Exercise directions:
From the first line of the data below through the line holding "访学团在哈萨克斯坦阿里-法拉比国立大学前合影留念", output each line exactly and leave the pictures out.

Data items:
━━━━━━━━━━━━━━━━

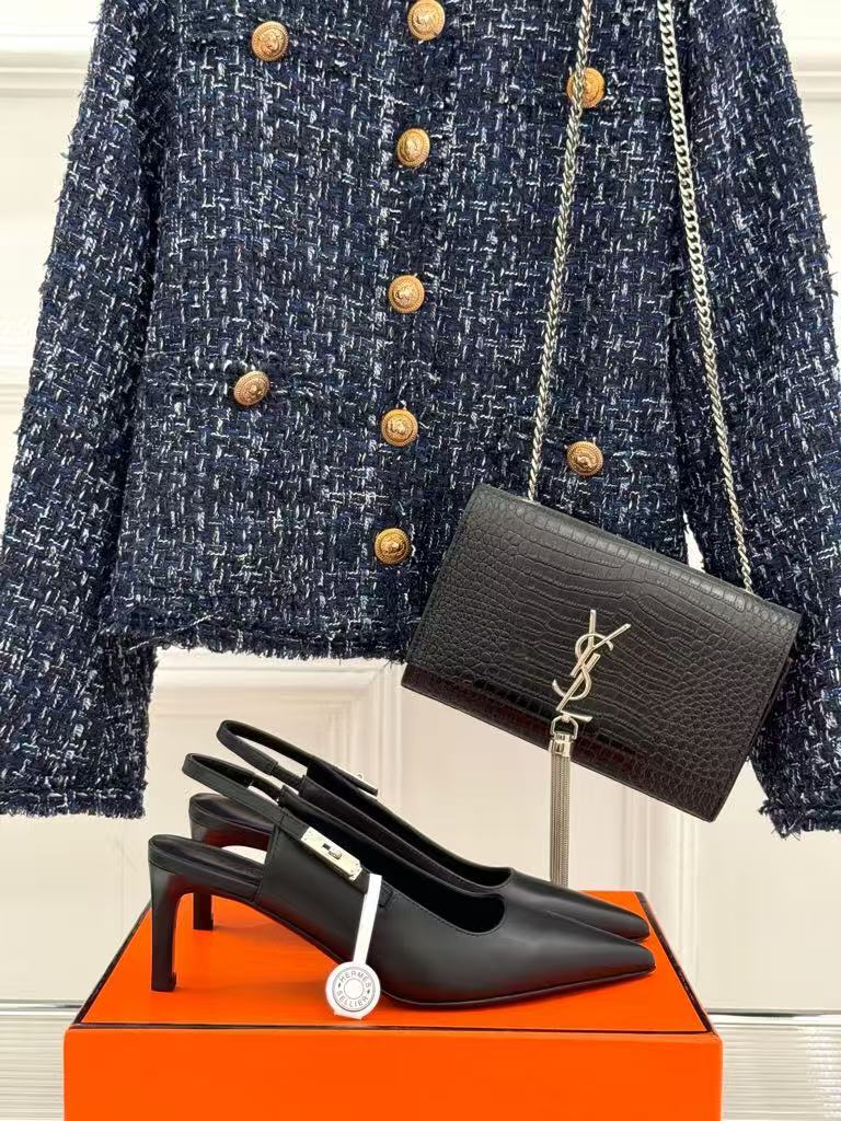 Hermès new women’s popular series fashionable and versatile comfortable leather high-heeled loafers
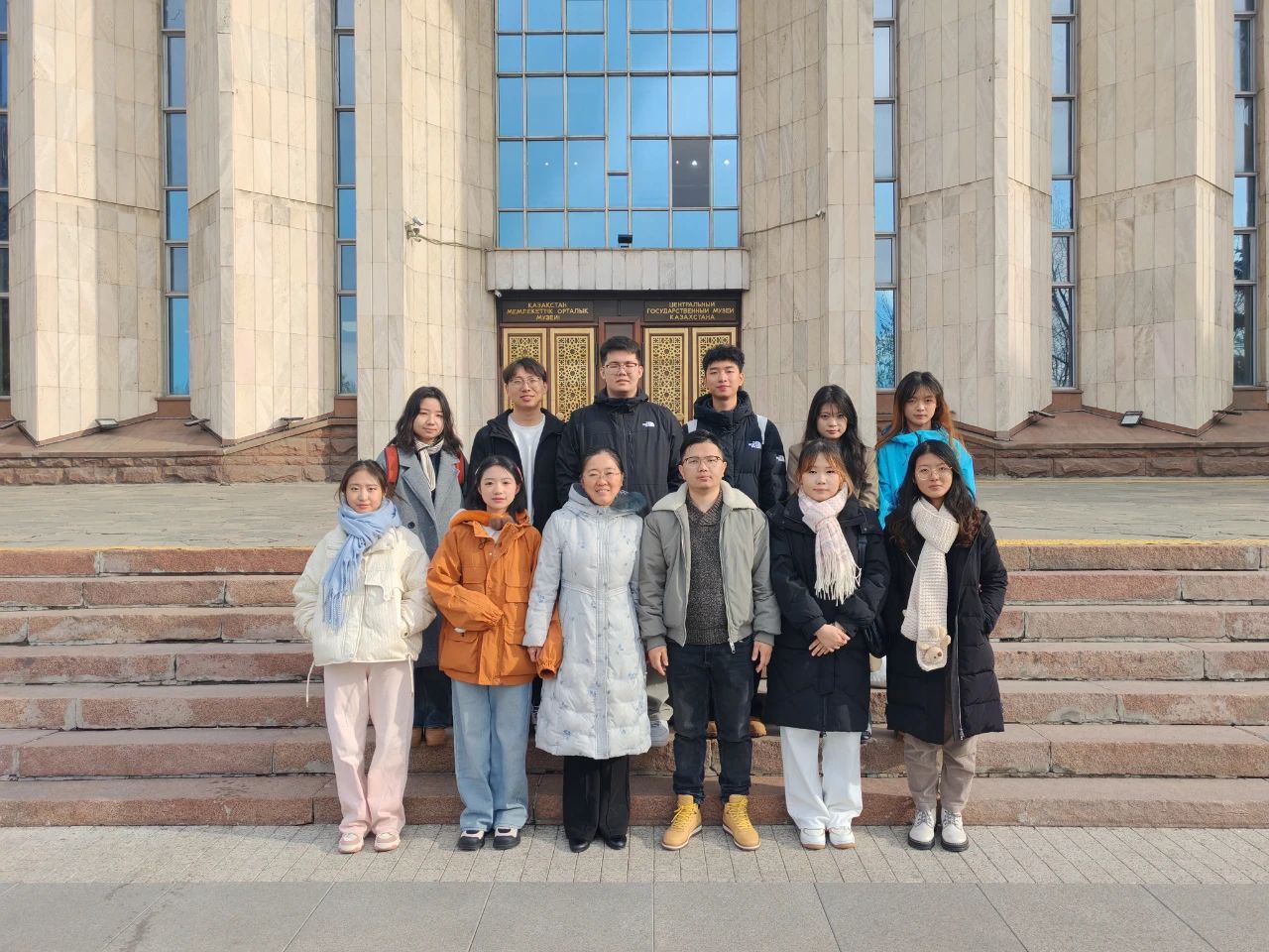 访学团在哈萨克斯坦阿里-法拉比国立大学前合影留念
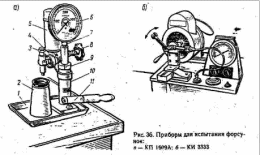 Устройство КИ-4802 (34) предназначено для проверки технического состояния плунжерных пар и нагнетательных клапанов топливных насосов дизелей. Для проверки устройство КИ-4802 присоединяют к одной из секций топливного насоса с помощью накидной гайки топливопровода. Затем, прокручивая двигатель с помощью пускового устройства и плавно включая подачу, доводят давление до 20...25 МПа и прекращают прокрутку. При падении давления до 15 МПа включают секундомер и выключают его при давлении 10 МПа. Если давление, создаваемое плунжерными парами, не ниже 25 МПа (у двигателей с непосредственным впрыском 30 МПа), а время падения давления в указанном выше интервале не менее 10 с, то плунжерная пара и нагнетательный клапан пригодны к дальнейшей эксплуатации.
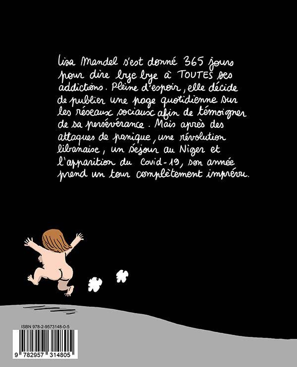 Lisa Mandel s’est donné 365 jours pour dire bye-bye à TOUTES ses addictions. Pleine d’espoir, elle décide de publier une page quotidienne sur les réseaux sociaux afin de témoigner de sa persévérance. Mais après des attaques de panique, une révolution libanaise, un séjour au Niger et l’apparition du Covid-19, son année prend un tour complètement imprévu.
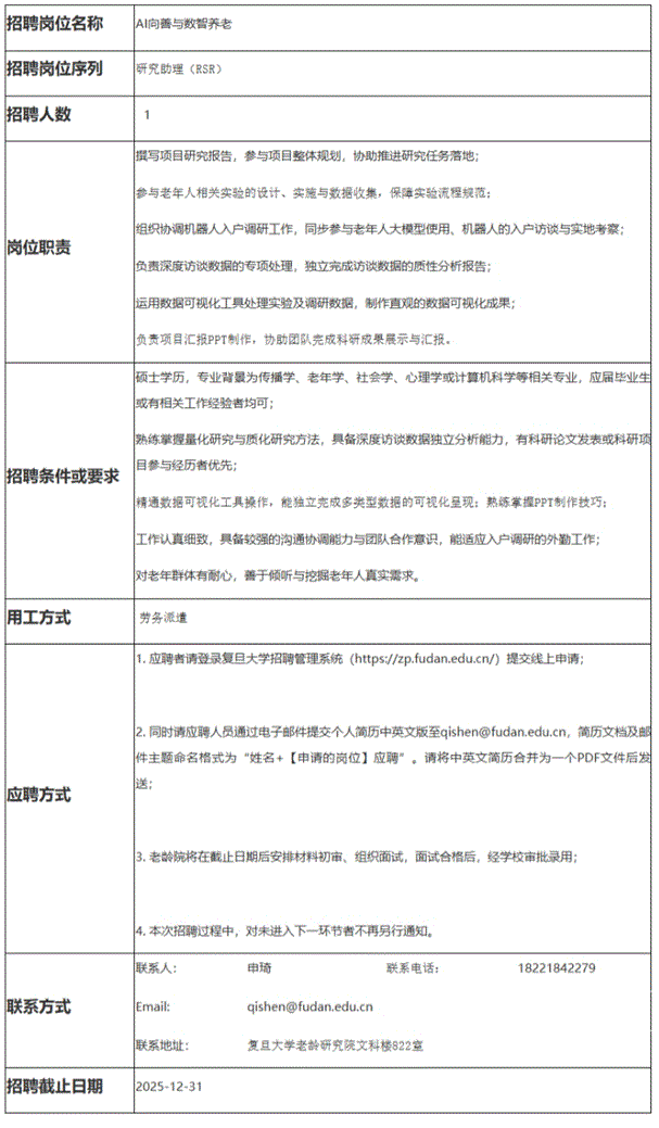 复旦大学老龄研究院招聘AI向善与数智养老岗位
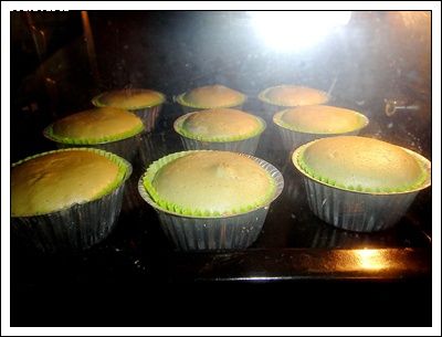 6. ตักส่วนผสมเค้กลงในถ้วยกระดาษ ประมาณ ¾ ของถ้วย นำเข้าอบ 20-25 นาที
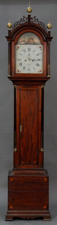 W. Cummens mahogany tall case clock, case with fret work top and three brass finials over tombstone glass, flanked by brass stop fluted quarter columns on case with long molded door with fan inlays flanked by brass stop fluted quarter columns all set on base with fan inlays on bracket feet, dial with rocking ship brass works, dial signed W. Cummens warranted. ht. 93in. wd. 18in. dp. 9in.
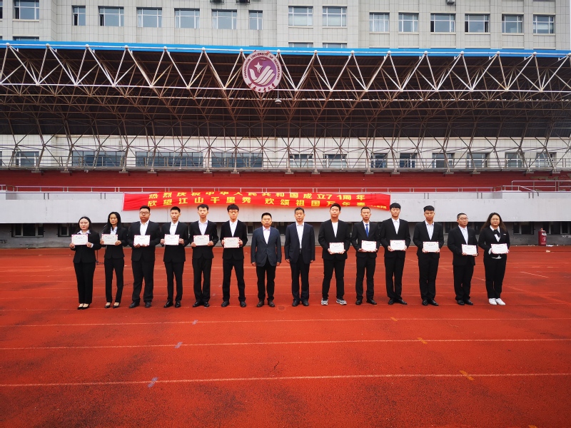 员工代表陈泽晨在国旗下作《不忘初心,别样青春献礼华诞》的主题演讲,号召同学们不忘初心、牢记使命,追逐梦想,勇做走在时代前列的开拓者、奋进者和奉献者。
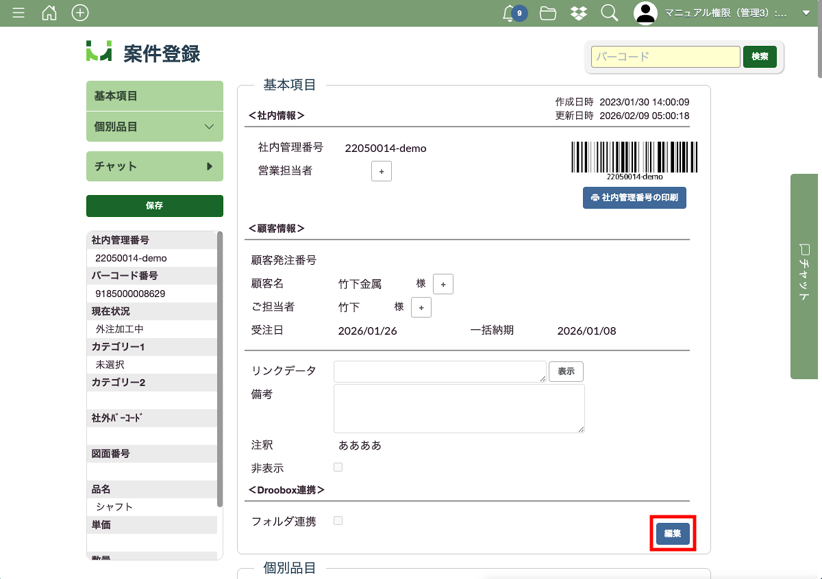 案件登録画面を開いたら、基本項目の「編集」ボタンを押してください。
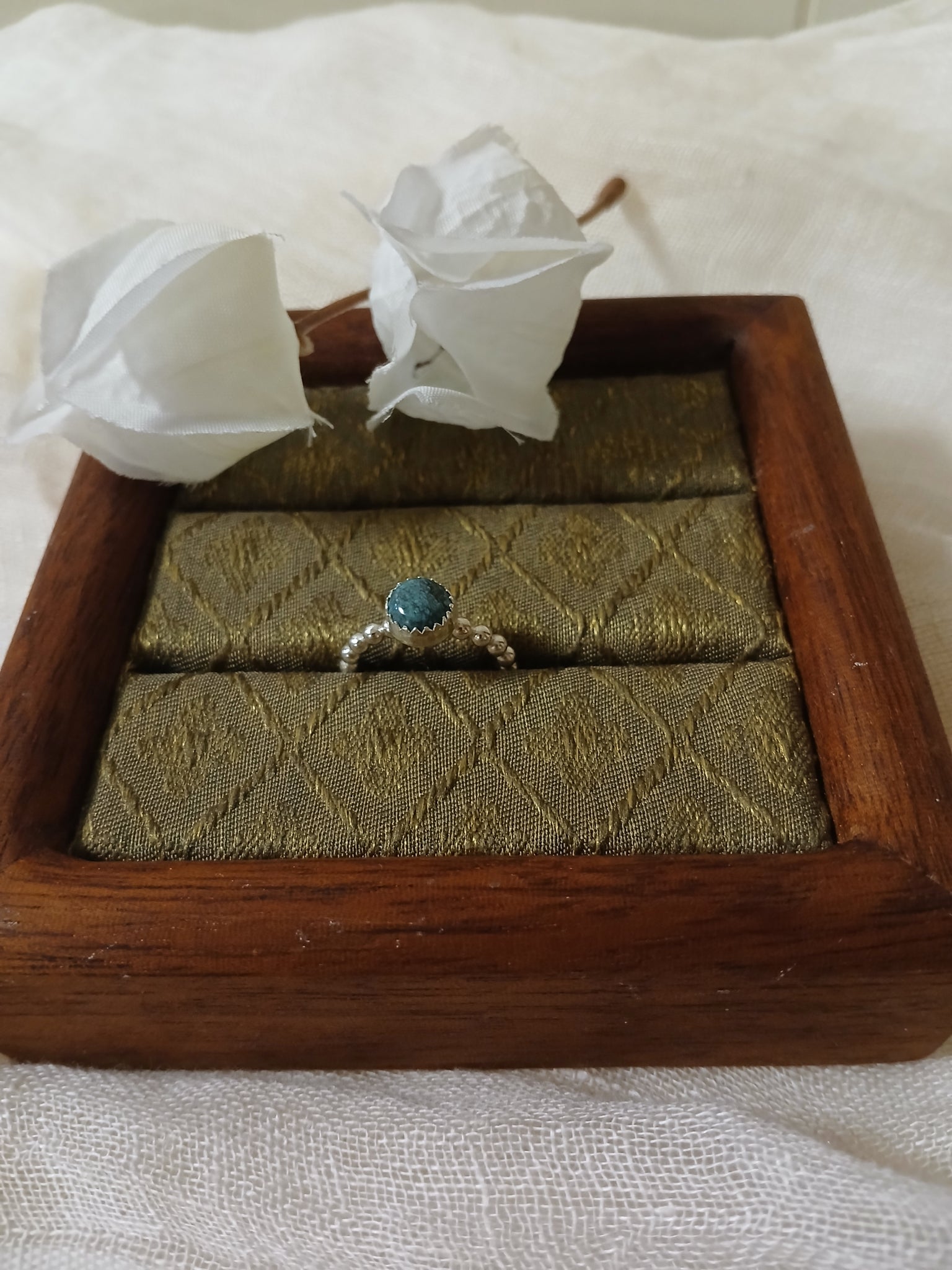 A delicate silver beaded band showcases a sparkling, deep‑blue turquoise stone set in a sunburst bezel. Perfect for everyday wear, this versatile piece adds a pop of color to any outfit. Crafted with high‑quality sterling silver and a genuine turquoise gem, it offers timeless style and subtle sophistication.
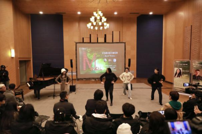中国音乐剧演员王克遥演唱了《颜色》(选自中国音乐剧《辛吉路的画材店》),以其精湛的演唱技巧和深情的演绎赢得了阵阵掌声。伍粤川先生在点评中,从中文音乐剧唱法的特点出发,对王克遥的表演进行了深入解读,使学生们对中文音乐剧演唱有了更深刻的理解。
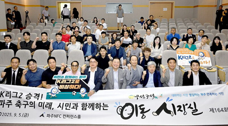 –축구협회 등 관련 단체와 이동시장실 개최- 파주시는 5일 파주 축구국가대표훈련원에서 파주시민축구단의 K리그2 진출에 대한 시민 의견을 듣기 위한 이동시장실을 개최했다.
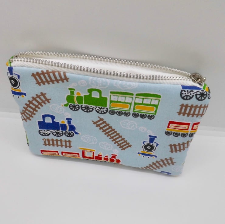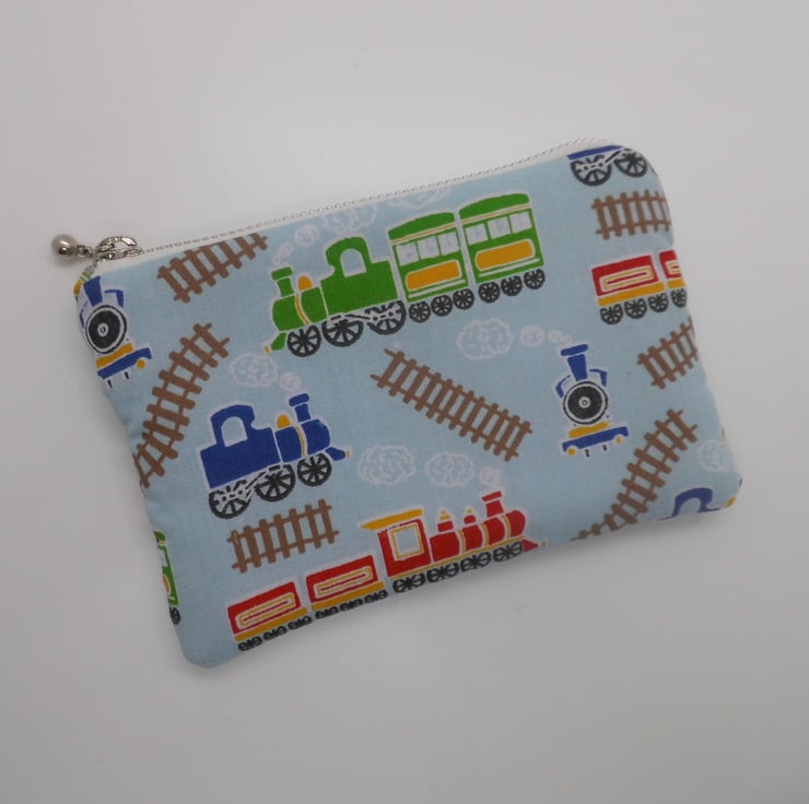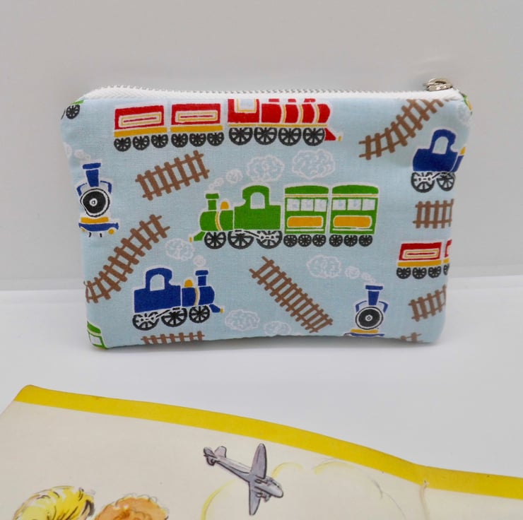 Here is a cute little purse made with a fun poly/cotton print. The fabric has a blue background and is printed with colourful trains. It measures 15cm x 10cm. Use as a coin purse, small makeup bag, etc.
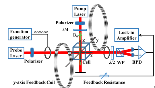 They demonstrated the PT-symmetric feedback mechanism in a thermal atomic ensemble, which is a typical example of magnetic resonance system. A beam of circularly polarized laser propagating along the −z direction optically pumps the atomic ensemble to polarize the collective spin. A static magnetic field is applied along z axis, then the collective spin undergoes a Larmor precession around z axis. Thus the transverse components Px,y oscillates in the xy plane, constituting a harmonic oscillator. They measured the spin polarization component Px using a probe laser via polarization homodyne detection, and the output signal is then fed into a loop that includes a feedback resistor and the y-axis feedback coil, which generate the feedback magnetic field. The effect is that the gain is introduced into the Px orthogonal quadrature, breaking the symmetry of Px and Py, making the collective spin oscillator become a PT-symmetric system.
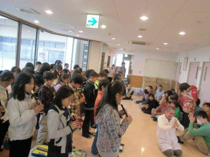 各学級ごとに福祉施設を訪問しました。行き先は、さくらの家、みのりの里、デイケアセンターかみの、ライフケア岩倉です。高齢の方や障害のある方でも、施設を利用しやすい工夫や、社会に貢献している姿を見て、福祉施設の工夫や大切さを学びました。見学させて頂いたお礼に、朝の会で練習してきたリコーダーを演奏しました。
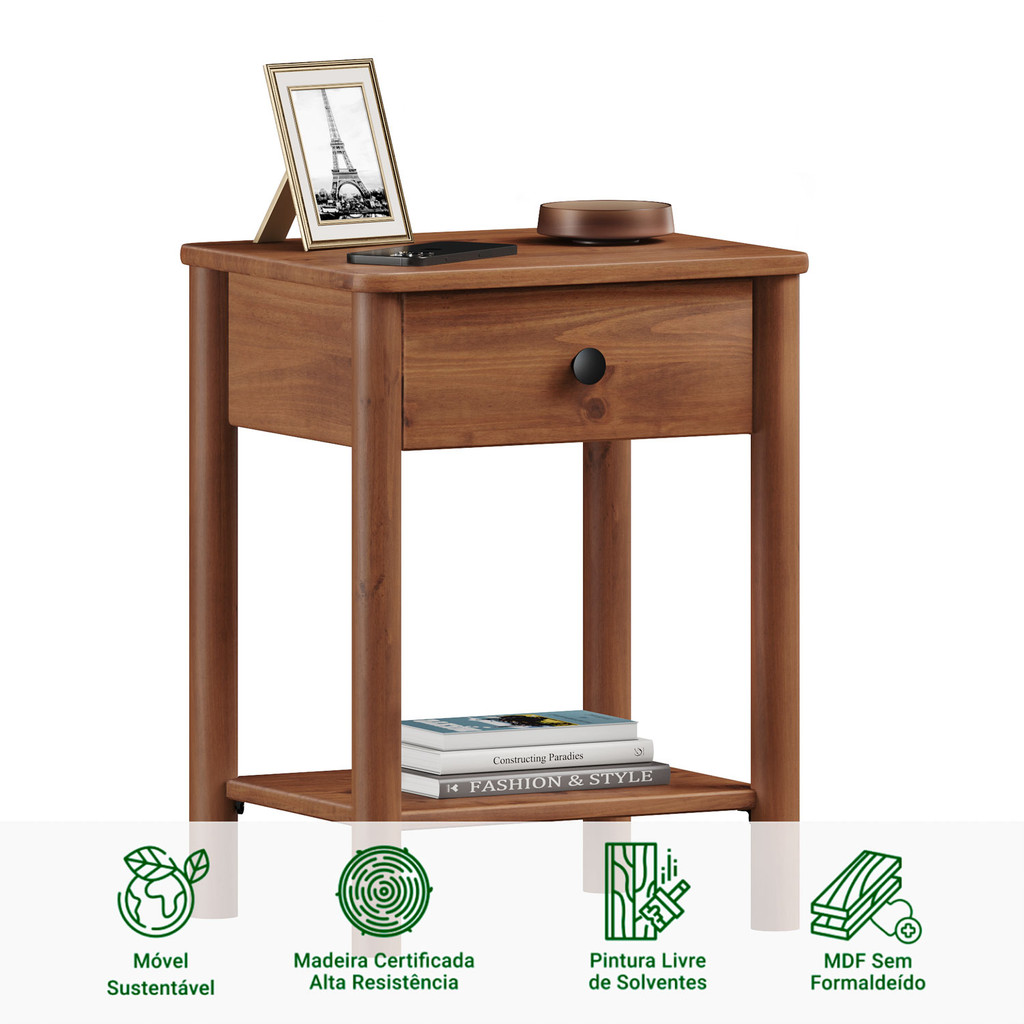 Mesa de Cabeceira Quarto Madeira 1 Gaveta Moderna Apoana Castanho

━━━━━━━━━━━━━━━━

Result of the exercise:
 Hermès new women’s popular series fashionable and versatile comfortable leather high-heeled loafers
 访学团在哈萨克斯坦阿里-法拉比国立大学前合影留念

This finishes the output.